Would you return exactly the lines below from the line with "- Motor sin" through the line with "Similarly, the five-year", both included, and nothing else, leaving out the pictures?
[PROVIDED RECORDS — start]
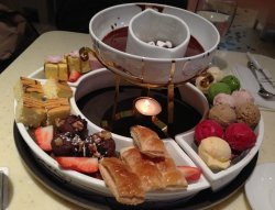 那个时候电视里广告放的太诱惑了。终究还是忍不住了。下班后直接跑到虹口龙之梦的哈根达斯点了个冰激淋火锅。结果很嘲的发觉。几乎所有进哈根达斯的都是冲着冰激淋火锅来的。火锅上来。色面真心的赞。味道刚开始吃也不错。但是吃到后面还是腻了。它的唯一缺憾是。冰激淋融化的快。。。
[PROVIDED RECORDS — finish]
[PROVIDED RECORDS — start]
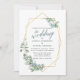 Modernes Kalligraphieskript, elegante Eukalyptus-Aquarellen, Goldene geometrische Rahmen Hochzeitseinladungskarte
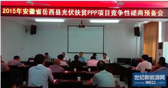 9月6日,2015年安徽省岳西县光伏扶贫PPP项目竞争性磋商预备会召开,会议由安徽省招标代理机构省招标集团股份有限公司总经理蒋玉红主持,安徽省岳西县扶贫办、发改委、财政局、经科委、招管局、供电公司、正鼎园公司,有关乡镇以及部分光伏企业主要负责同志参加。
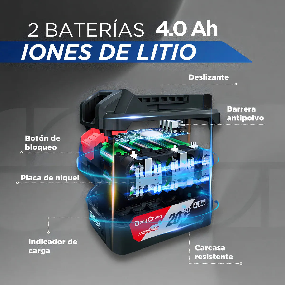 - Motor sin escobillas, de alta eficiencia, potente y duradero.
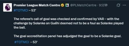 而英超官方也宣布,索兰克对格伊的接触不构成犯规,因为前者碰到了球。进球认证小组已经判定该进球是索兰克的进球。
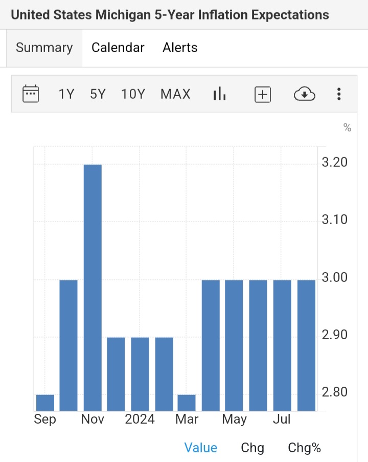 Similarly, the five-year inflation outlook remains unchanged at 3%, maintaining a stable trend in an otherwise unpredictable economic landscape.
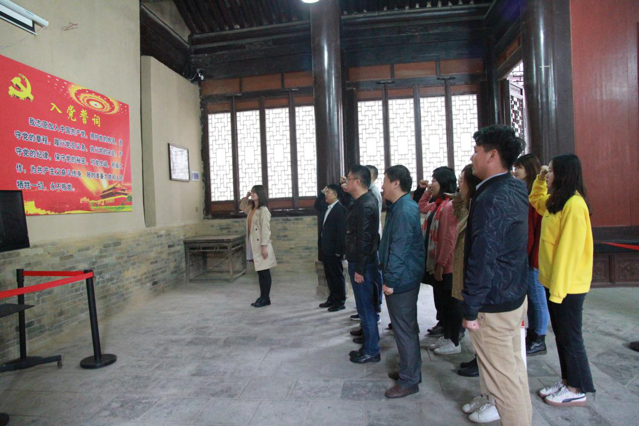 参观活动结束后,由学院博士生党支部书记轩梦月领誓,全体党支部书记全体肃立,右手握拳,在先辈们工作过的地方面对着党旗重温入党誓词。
[PROVIDED RECORDS — finish]
[PROVIDED RECORDS — start]
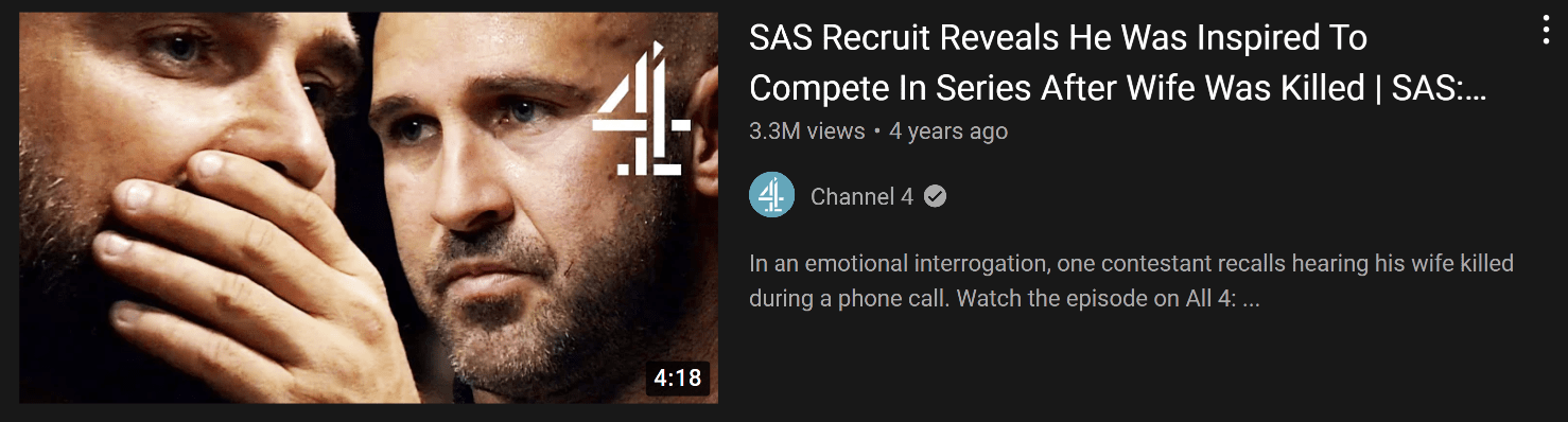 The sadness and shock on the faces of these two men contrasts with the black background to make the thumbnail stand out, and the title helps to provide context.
[PROVIDED RECORDS — finish]
▸ **ANSWER BOX**:
 - Motor sin escobillas, de alta eficiencia, potente y duradero.
 而英超官方也宣布,索兰克对格伊的接触不构成犯规,因为前者碰到了球。进球认证小组已经判定该进球是索兰克的进球。
 Similarly, the five-year inflation outlook remains unchanged at 3%, maintaining a stable trend in an otherwise unpredictable economic landscape.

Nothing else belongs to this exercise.